The accountability gap. Where human approval exists, it is typically a click in a workflow tool, recorded in a mutable application database controlled by the operator of the approval system. There is no independent cryptographic evidence binding a specific human to a specific action.
The verification gap. Auditors, counterparties, and regulators must trust the operator's logs — produced by the party whose conduct is under examination. No artifact exists that a third party can verify with mathematics alone.

EP closes these gaps with a small protocol: before an irreversible action executes, a named approver signs the exact action with a key only the approver holds; the signed authorization is consumed exactly once; and the resulting receipt is independently verifiable offline, forever.

Design Goals

G1 — Action binding. An approval is cryptographically bound to one exact action. It cannot authorize anything else.
G2 — Approver-held keys. The approver's signature is produced by a key the EP operator does not possess. The operator orchestrates; it cannot forge.
G3 — One-time consumption. An authorization is consumed at most once, globally. Replay across sessions, operators, or time is detectable and MUST be rejected.
G4 — Separation of duties. The initiator of an action MUST NOT be an approver of that action. Policies MAY require m-of-n distinct approvers.
G5 — Offline verifiability. A receipt is verifiable with no network access, using only the receipt, the approver's public key material, and a published log checkpoint. Offline verification establishes authenticity and log inclusion as of commit time, not current revocation status ().
G6 — Execution-side enforcement. The strongest deployment places verification at the system of record: the executing service verifies the receipt before performing the action. Middleware-only deployments are explicitly defined as a weaker conformance class ().
G7 — Machine-checked safety. The protocol state machine's safety properties are maintained as formal models (TLA+, Alloy) and checked in continuous integration. Implementations can be tested against a published conformance suite.

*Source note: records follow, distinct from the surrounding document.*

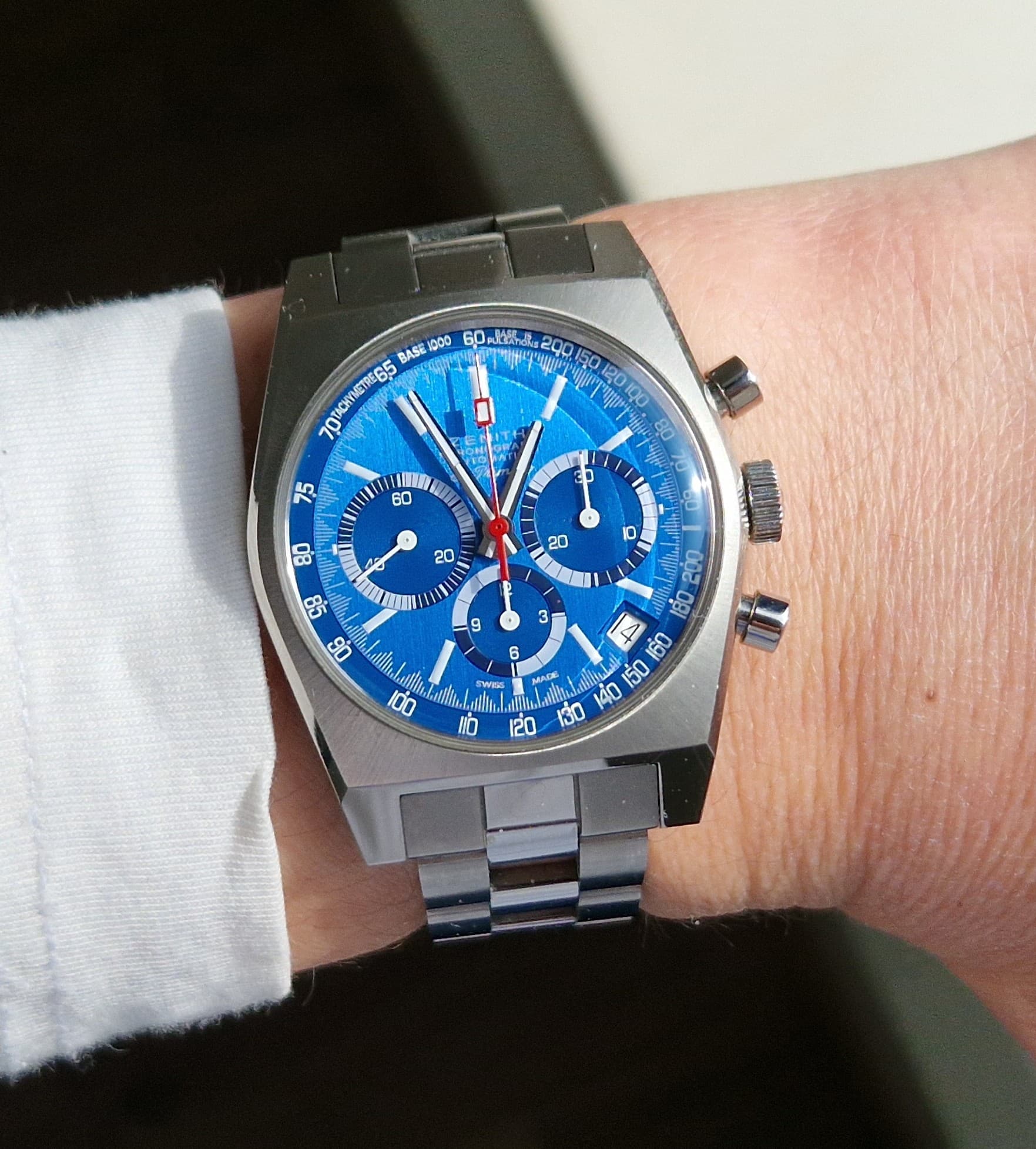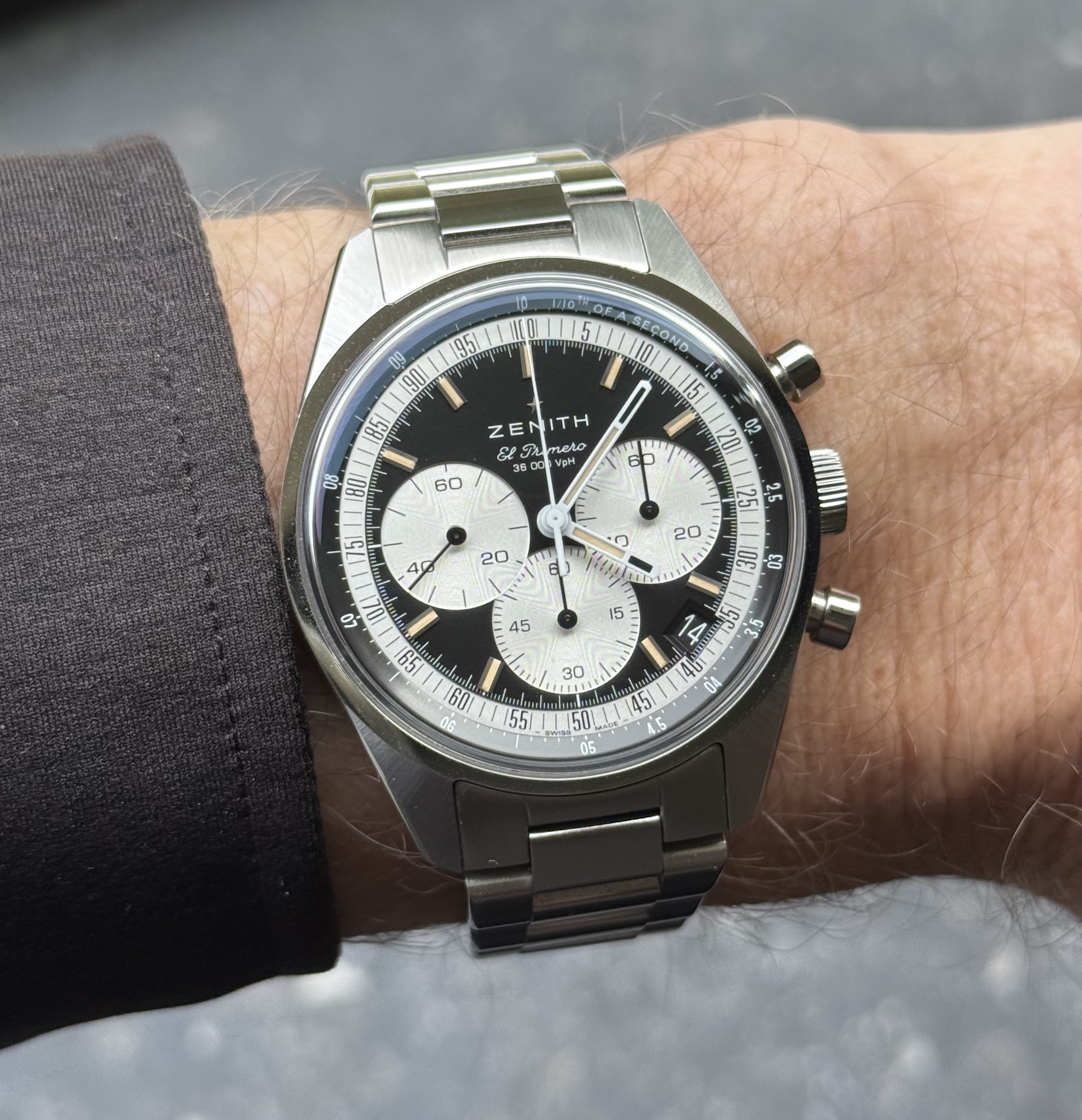 Hij staat je uitstekend. Dat zwarte datumwiel in deze configuratie is een goede move van Zenith.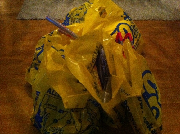 Jag fick i alla fall nästan (typ inte alls.. Eller?) köpt alla julklappar och jag troor jag känner mig nöjd och glad egentligen, lyckan kommer nog inte förrän jag gått igenom alla miljoner påsar. Tänkte göra det nu när jag har käkat! Vi hörs! 🙂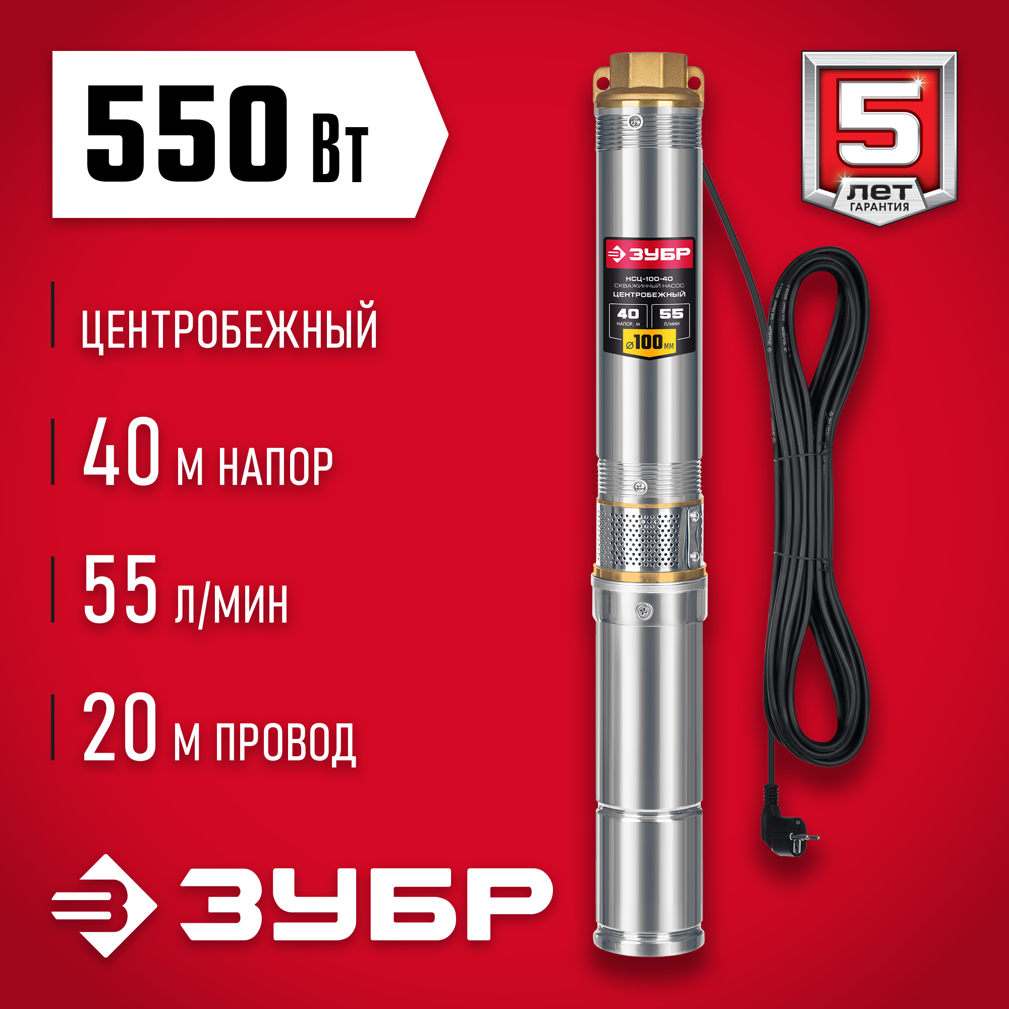 ЗУБР 550 Вт, 40 м напор, скважинный центробежный насос, корпус из нержавеющей стали (НСЦ-100-40)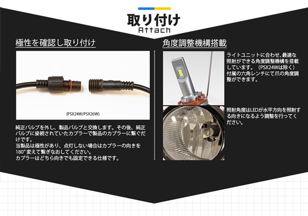 | ◆本製品は、純正白熱球と交換できるLEDバルブです。純正LEDフォグランプには取り付けが出来ません。 | |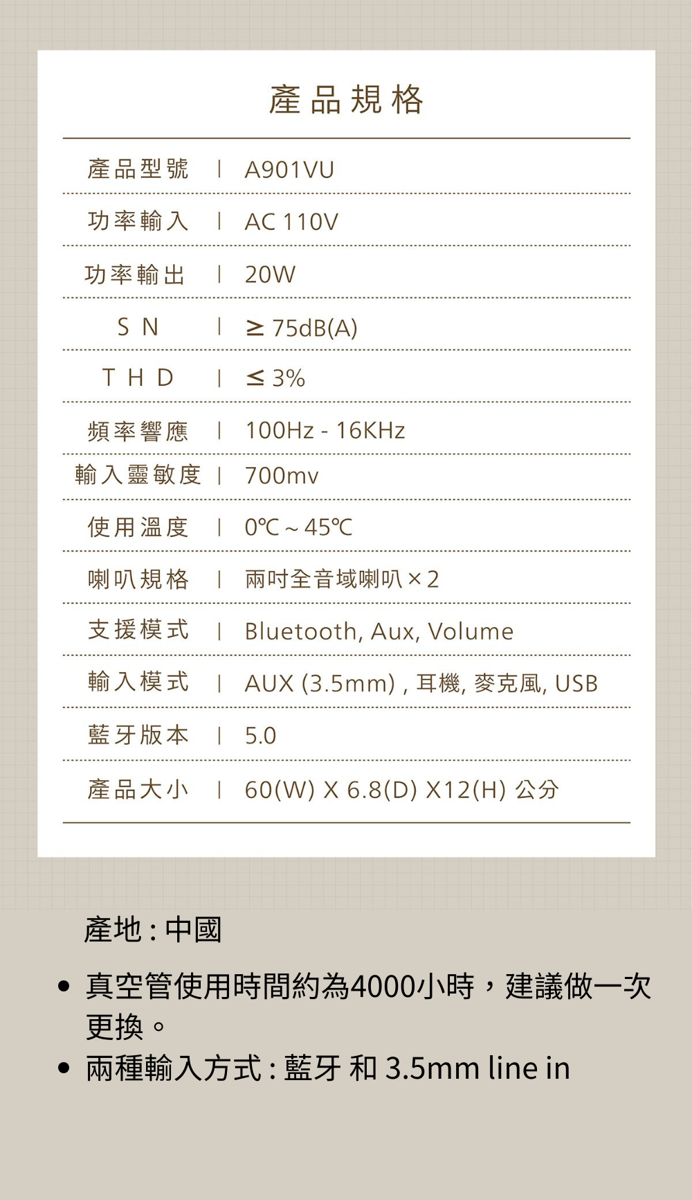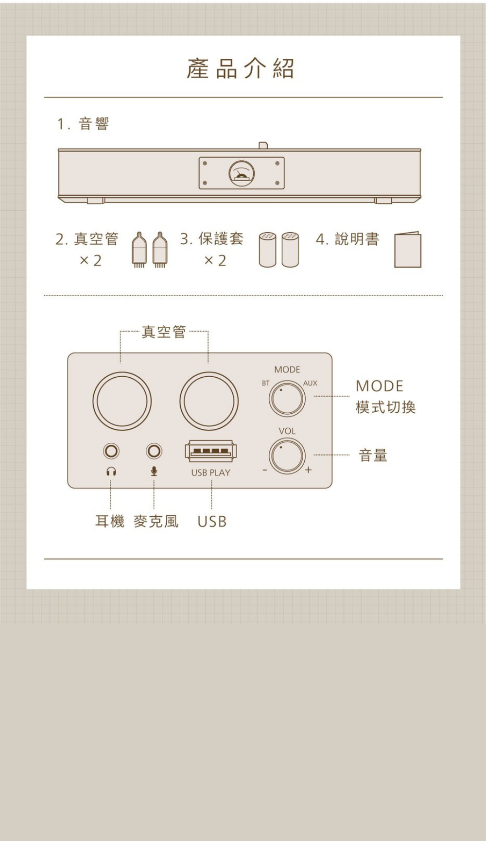 2.針對產品因原物料瑕疵或是生產製造瑕疵,而導致無法正常使用,將提供更換的維修服務方式,請您提供購買【ATUBE|真空管藍牙 soundbar 音響】的發票明細,並以照片/影片/詳細描述透過【Atube TW 來自韓國的真空管音響】 facebook私訊:https://pse.is/4hr83u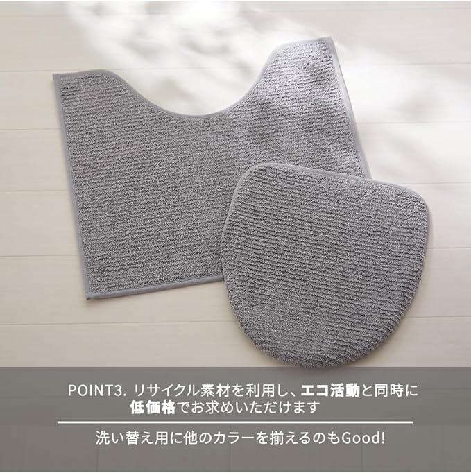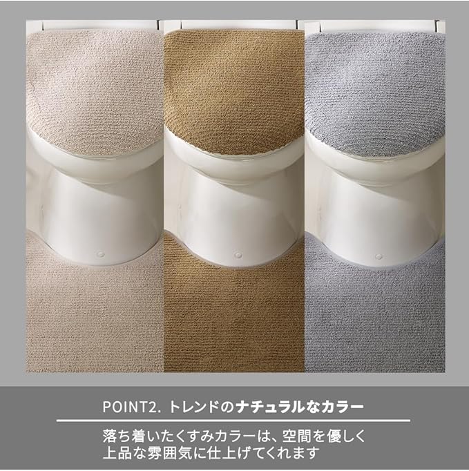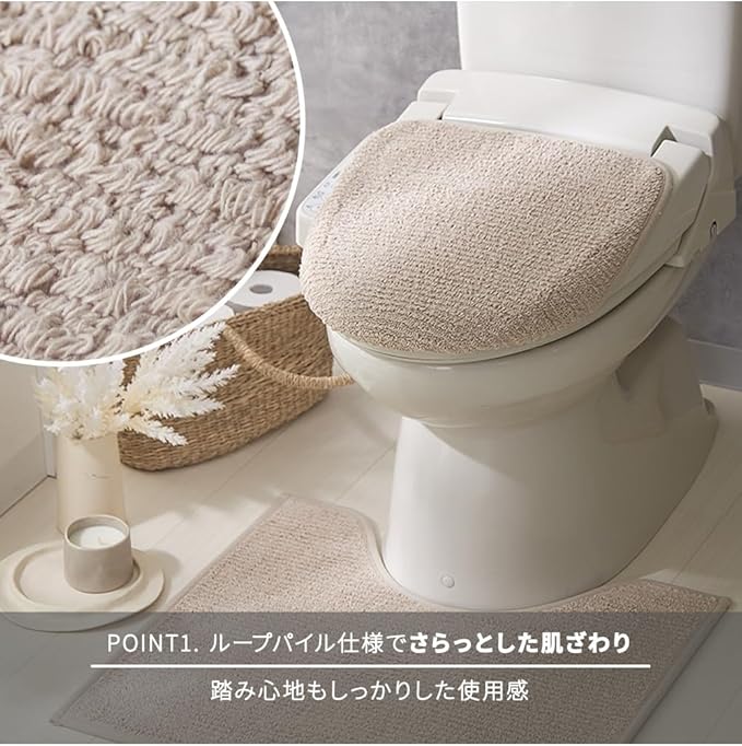 優しいナチュラルカラーでレストルームを癒やしの空間に演出するトイレマットとフタカバーの2点セットです。
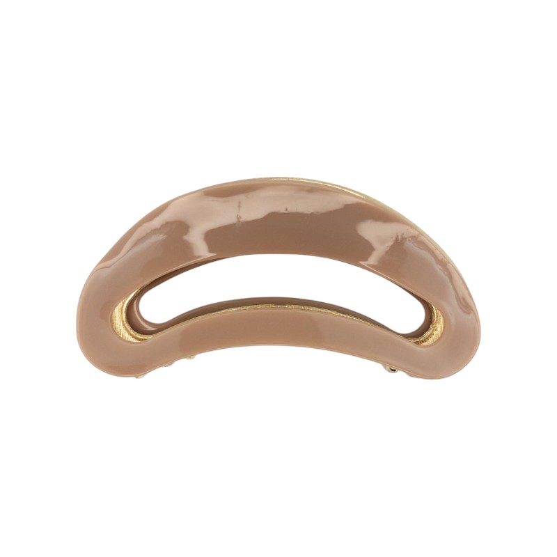Piranha de cabelo grande metal dourado com acetato na cor nude.

Terminology The key words "MUST", "MUST NOT", "REQUIRED", "SHALL", "SHALL NOT", "SHOULD", "SHOULD NOT", "RECOMMENDED", "NOT RECOMMENDED", "MAY", and "OPTIONAL" in this document are to be interpreted as described in BCP 14 when, and only when, they appear in all capitals, as shown here. Initiator. The entity (typically an AI agent or automated process) that proposes a high-risk action. The initiator is identified but never trusted with approval authority over its own actions. Approver. A named human (or, for lower assurance classes, an organizational role occupied by a named human at decision time) who holds approval authority under policy. The approver controls a private signing key; see . Action. A single proposed operation with concrete parameters (e.g., one wire transfer to one beneficiary for one amount). Actions are represented by an Action Object and identified by their action hash (). Policy. A named, versioned rule set determining, for a class of actions, which approvers are required (including m-of-n thresholds), validity windows, and amount or scope limits. Authorization Context. The canonical structure an approver signs: action hash, policy reference, initiator identity, nonce, expiry, and chain binding (). Trust Receipt. The terminal artifact: the Action Object digest, all approver signatures, the consumption record, and a Merkle inclusion proof against a signed log checkpoint (). Verifying Executor. A system of record that verifies a Trust Receipt (or a pre-execution Authorization Bundle) before performing the action. See . EP Operator. The party running the orchestration service (policy registry, signoff routing, log). Under this protocol the operator is not in the signing trust path for approvals (G2).

The Action Object and Action Hash An Action Object is a JSON document with at minimum: The Action Object MUST be serialized using JSON Canonicalization Scheme (JCS) . The action hash is the SHA-256 digest of the canonical serialization. Implementations MUST reject approval requests whose action hash does not match a locally recomputed hash of the presented Action Object. Sensitive parameter values MAY be carried as salted hashes (as beneficiary_account_hash above) provided the executing system can recompute them; the binding property is preserved because the hash commits to the committed values.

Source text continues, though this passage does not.